How to complete this task - Word for word, retype the first line of the records and every following line through the one containing "cod. Y2S0H77MBMRJ8 Valentino".

Material for this exercise -
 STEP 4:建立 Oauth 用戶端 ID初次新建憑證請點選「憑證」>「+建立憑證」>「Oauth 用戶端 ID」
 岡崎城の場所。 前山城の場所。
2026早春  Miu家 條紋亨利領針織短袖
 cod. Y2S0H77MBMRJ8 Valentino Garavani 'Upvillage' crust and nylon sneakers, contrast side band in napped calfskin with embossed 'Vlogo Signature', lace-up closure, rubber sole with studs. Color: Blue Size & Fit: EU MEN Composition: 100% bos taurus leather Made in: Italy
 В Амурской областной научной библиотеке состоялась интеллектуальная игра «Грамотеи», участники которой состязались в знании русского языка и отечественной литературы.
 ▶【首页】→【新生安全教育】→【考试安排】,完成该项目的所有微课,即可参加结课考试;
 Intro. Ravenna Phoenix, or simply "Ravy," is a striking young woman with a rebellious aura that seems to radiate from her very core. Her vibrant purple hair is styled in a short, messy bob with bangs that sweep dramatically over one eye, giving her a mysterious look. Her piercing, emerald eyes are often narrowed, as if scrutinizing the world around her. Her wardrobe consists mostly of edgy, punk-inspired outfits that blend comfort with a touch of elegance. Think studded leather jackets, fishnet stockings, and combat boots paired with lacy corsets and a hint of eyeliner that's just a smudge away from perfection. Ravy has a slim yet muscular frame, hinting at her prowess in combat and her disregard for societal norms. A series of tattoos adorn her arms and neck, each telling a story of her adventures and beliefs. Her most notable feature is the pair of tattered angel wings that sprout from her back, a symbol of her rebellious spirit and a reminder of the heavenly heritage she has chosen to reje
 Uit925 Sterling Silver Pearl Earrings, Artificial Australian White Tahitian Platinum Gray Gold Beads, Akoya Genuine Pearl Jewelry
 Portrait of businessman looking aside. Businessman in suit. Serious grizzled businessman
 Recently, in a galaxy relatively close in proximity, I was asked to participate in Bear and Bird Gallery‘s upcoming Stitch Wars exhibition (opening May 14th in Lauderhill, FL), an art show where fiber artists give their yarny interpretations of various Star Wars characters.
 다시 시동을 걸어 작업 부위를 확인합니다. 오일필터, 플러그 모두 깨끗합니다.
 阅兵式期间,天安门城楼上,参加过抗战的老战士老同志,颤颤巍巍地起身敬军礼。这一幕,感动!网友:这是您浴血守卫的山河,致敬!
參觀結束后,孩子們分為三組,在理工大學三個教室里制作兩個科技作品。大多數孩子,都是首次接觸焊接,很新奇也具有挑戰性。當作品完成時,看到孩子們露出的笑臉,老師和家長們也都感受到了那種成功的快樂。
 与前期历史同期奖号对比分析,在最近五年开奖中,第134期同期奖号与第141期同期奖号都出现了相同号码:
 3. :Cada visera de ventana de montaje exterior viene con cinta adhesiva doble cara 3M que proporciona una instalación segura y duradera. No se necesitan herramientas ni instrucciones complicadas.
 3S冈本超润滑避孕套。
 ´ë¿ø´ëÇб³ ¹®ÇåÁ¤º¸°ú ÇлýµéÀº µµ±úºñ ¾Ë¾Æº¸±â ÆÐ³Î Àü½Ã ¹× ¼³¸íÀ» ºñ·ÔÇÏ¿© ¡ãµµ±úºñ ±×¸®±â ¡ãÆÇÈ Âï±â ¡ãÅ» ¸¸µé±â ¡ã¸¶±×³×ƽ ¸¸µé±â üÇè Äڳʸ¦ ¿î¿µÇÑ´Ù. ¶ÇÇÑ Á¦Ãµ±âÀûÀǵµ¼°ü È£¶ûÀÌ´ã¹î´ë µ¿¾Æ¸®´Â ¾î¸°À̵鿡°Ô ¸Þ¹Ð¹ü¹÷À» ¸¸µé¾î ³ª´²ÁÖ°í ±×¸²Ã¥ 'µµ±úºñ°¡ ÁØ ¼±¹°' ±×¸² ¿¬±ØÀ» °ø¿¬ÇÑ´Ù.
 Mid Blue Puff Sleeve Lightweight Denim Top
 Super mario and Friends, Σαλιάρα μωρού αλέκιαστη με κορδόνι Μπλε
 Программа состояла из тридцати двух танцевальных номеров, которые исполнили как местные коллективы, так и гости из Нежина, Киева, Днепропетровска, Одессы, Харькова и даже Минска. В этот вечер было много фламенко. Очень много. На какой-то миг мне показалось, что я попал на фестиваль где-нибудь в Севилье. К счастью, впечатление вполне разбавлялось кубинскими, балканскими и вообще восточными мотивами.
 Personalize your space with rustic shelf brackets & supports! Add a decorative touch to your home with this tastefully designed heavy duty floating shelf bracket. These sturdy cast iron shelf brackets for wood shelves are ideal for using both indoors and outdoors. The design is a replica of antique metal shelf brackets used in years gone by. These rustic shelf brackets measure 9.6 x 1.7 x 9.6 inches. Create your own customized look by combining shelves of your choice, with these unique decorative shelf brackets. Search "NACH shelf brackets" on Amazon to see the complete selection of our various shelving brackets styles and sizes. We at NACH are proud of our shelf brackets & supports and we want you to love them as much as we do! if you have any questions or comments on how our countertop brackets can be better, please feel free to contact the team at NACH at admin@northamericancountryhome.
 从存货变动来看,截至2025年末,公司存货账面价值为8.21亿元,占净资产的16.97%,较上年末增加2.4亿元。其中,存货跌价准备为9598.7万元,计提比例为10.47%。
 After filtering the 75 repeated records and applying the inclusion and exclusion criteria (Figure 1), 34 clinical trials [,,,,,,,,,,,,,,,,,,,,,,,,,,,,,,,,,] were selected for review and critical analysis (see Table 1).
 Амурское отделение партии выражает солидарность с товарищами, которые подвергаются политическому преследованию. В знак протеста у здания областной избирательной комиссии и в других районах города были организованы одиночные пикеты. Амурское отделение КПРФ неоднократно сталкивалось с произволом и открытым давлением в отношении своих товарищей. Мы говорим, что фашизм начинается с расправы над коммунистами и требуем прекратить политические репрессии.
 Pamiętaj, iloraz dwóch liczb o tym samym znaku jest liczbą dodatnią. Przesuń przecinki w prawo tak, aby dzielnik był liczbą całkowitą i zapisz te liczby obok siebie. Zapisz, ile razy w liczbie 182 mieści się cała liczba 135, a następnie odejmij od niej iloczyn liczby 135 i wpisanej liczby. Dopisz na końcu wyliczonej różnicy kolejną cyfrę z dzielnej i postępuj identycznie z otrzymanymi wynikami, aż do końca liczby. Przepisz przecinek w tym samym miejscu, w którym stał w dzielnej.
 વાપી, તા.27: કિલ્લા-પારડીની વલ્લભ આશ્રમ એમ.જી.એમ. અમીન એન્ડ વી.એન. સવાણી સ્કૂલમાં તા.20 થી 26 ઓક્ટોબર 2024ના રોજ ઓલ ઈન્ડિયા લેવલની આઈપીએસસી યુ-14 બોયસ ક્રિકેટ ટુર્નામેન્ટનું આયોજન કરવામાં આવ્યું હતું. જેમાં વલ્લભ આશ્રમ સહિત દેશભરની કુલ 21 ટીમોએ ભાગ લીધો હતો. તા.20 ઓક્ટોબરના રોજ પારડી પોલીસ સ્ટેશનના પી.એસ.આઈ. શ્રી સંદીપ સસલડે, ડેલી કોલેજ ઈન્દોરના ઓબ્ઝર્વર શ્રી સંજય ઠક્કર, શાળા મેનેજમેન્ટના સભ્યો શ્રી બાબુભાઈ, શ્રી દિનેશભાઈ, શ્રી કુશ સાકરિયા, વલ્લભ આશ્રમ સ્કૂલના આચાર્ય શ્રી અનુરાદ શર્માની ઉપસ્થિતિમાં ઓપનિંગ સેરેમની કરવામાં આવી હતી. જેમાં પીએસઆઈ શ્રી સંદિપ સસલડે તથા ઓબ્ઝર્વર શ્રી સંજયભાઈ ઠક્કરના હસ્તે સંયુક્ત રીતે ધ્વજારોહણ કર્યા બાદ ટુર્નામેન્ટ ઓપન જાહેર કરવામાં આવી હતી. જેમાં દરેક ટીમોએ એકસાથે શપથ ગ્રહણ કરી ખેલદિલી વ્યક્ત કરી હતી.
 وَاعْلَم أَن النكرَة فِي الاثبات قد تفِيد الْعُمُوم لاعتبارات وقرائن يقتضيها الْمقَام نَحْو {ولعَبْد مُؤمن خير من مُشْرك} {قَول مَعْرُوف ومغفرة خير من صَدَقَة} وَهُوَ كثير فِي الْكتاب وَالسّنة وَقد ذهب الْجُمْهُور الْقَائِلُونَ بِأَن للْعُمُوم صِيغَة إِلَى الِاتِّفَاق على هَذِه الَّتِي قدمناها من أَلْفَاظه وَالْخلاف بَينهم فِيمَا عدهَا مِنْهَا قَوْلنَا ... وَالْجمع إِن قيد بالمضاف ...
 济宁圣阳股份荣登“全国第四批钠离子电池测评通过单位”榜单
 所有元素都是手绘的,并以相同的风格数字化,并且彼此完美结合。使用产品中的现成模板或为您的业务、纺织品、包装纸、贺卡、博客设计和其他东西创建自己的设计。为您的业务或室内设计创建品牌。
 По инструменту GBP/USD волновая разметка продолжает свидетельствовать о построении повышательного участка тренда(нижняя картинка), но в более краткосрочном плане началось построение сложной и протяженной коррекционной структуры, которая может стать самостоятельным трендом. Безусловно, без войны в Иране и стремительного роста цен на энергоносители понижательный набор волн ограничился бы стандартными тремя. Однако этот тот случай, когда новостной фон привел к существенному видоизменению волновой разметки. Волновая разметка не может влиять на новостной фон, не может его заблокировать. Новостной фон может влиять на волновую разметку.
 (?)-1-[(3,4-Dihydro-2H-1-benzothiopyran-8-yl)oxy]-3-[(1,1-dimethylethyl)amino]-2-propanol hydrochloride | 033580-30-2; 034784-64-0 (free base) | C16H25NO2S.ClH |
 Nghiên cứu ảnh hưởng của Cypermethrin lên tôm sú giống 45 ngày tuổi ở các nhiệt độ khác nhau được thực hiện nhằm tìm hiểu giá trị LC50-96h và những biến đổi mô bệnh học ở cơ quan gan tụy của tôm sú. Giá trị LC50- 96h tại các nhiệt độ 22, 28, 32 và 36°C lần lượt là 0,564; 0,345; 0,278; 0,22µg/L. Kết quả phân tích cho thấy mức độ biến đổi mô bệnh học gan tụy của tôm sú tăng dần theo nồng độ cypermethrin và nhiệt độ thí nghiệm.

Output of the exercise -
 STEP 4:建立 Oauth 用戶端 ID初次新建憑證請點選「憑證」>「+建立憑證」>「Oauth 用戶端 ID」
 岡崎城の場所。 前山城の場所。
2026早春  Miu家 條紋亨利領針織短袖
 cod. Y2S0H77MBMRJ8 Valentino Garavani 'Upvillage' crust and nylon sneakers, contrast side band in napped calfskin with embossed 'Vlogo Signature', lace-up closure, rubber sole with studs. Color: Blue Size & Fit: EU MEN Composition: 100% bos taurus leather Made in: Italy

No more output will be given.